======== Records

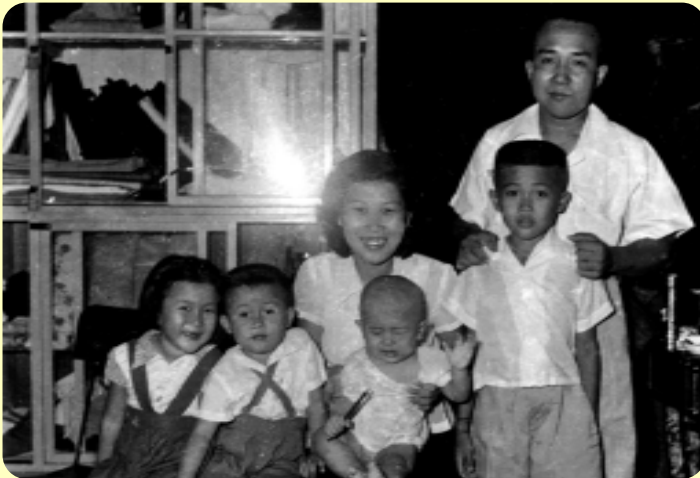
ภาพหมู่ครอบครัวเมื่อ 4 สิงหาคม พ.ศ. 2495
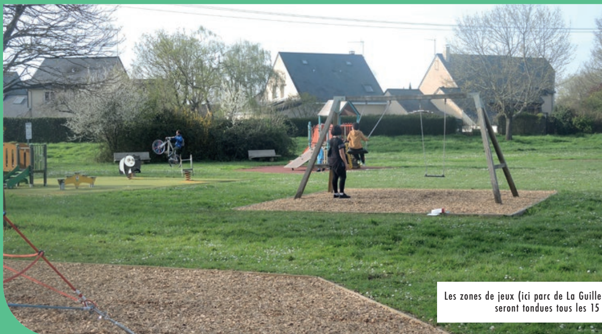
Les zones de jeux (ici parc de La Guillebotte) seront tondues tous les 15 jours.

DANS LE CADRE DE SON ENGAGEMENT EN FAVEUR DU DÉVELOPPEMENT DURABLE, LA VILLE MET EN ŒUVRE UNE GESTION DIFFÉRENCIÉE DE SES ESPACES VERTS. CETTE MÉTHODE D'ENTRETIEN PLUS RESPECTUEUSE DE L'ENVIRONNEMENT CONTRIBUE NOTAMMENT À PRÉSERVER ET FAVORISER LA BIODIVERSITÉ.
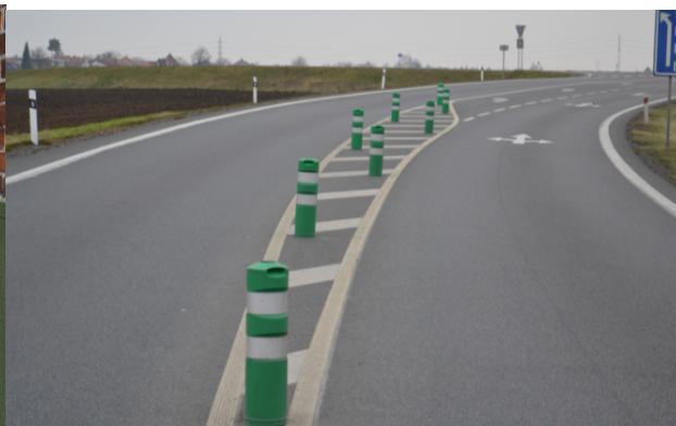
Obrázek 09. Směrové sloupky zelené kulaté - baliseta

V ČR doposud nebyl zpracován ucelený podklad (manuál) pro navrhování a umístování tohoto typu dopravně bezpečnostního a dopravně výchovného zařízení, které zvýrazňující regulační sloupky představují. Poznatky zde prezentované byly z části získané v rámci řešení VaV projektu „Implementace flexibilních sloupků jako prvků městského inženýrství“, na který poskytla účelovou dotační podporu Technologická agentura ČR v letech 2013 až 2015 s označením TA03030747. Hlavním výsledkem projektu byla „Metodika navrhování flexibilních regulačních sloupků“ [01], která je po registraci od prosince 2015 dostupná na projektových stránkách www.flexi.cdvinfo.cz .
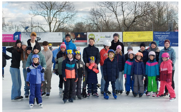
Viel Spaß am Eis mit dem KiJu-Team

Zum Abschluss des Semesters veranstaltete das KiJu-Team der Pfarre das mittlerweile schon traditionelle Eislaufen. Zahlreiche Kinder und Jugendliche drehten am Tullner Eislaufplatz ihre Runden. Pizza und wärmenden Tee rundeten den netten Tag ab.
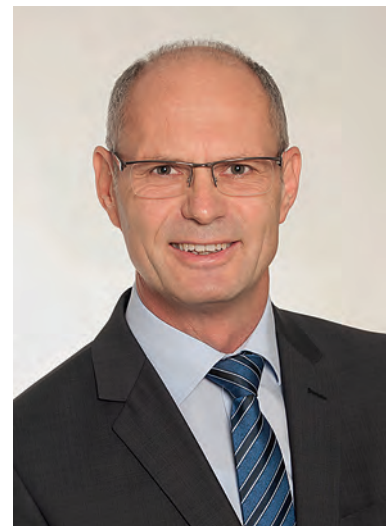
Ludwig Lang Erster Bürgermeister
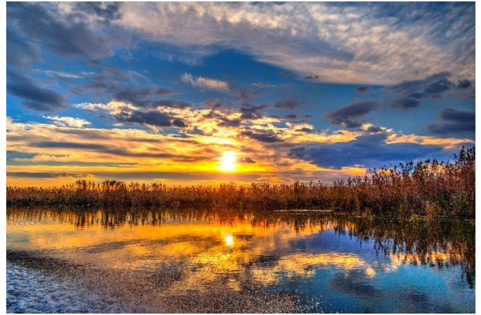
Donaudelta bei Sonnenuntergang

Morgens legen wir in Linz an und sagen nach einem letzten Frühstück an Bord der MS Nestroy Lebewohl.
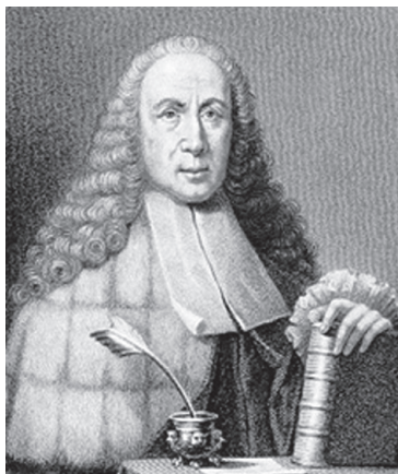
Джованни Баттиста Морганьи
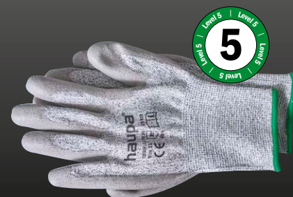
ściągacz zielony → poziom ochrony przed przecięciem 5
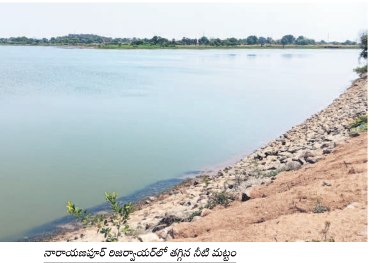
నారాయణపూర్ రిజర్వాయర్ లో తగ్గిన నీటి మట్టం
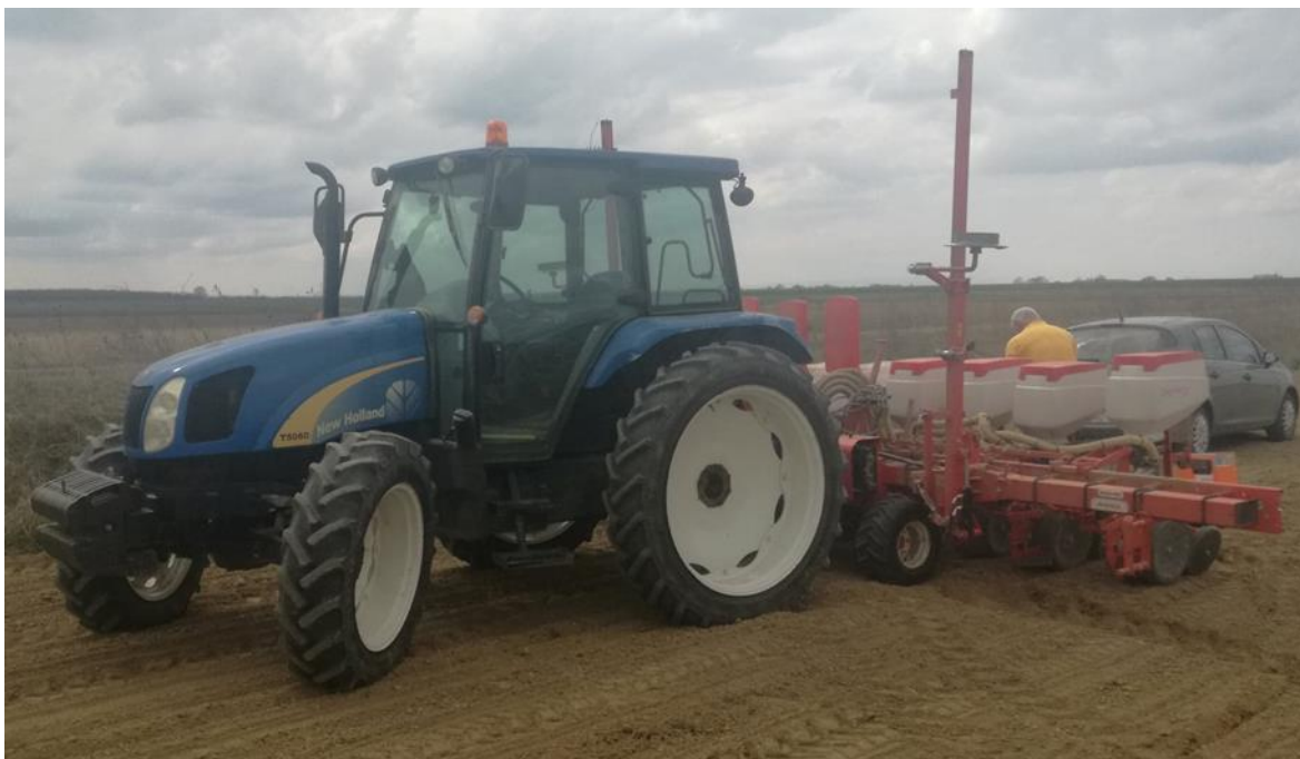
Slika 2. Traktor New Holland T5060 i sijačica Gaspardo Magica OPG-a „Leko Tomislav“

================

» Work request
Keep to the lines above from the line with "DANS LE CADRE" to the line with "Obrázek 09. Směrové", and set down exactly those, inclusive, with nothing else and every picture left out.

» Answer box
DANS LE CADRE DE SON ENGAGEMENT EN FAVEUR DU DÉVELOPPEMENT DURABLE, LA VILLE MET EN ŒUVRE UNE GESTION DIFFÉRENCIÉE DE SES ESPACES VERTS. CETTE MÉTHODE D'ENTRETIEN PLUS RESPECTUEUSE DE L'ENVIRONNEMENT CONTRIBUE NOTAMMENT À PRÉSERVER ET FAVORISER LA BIODIVERSITÉ.
Obrázek 09. Směrové sloupky zelené kulaté - baliseta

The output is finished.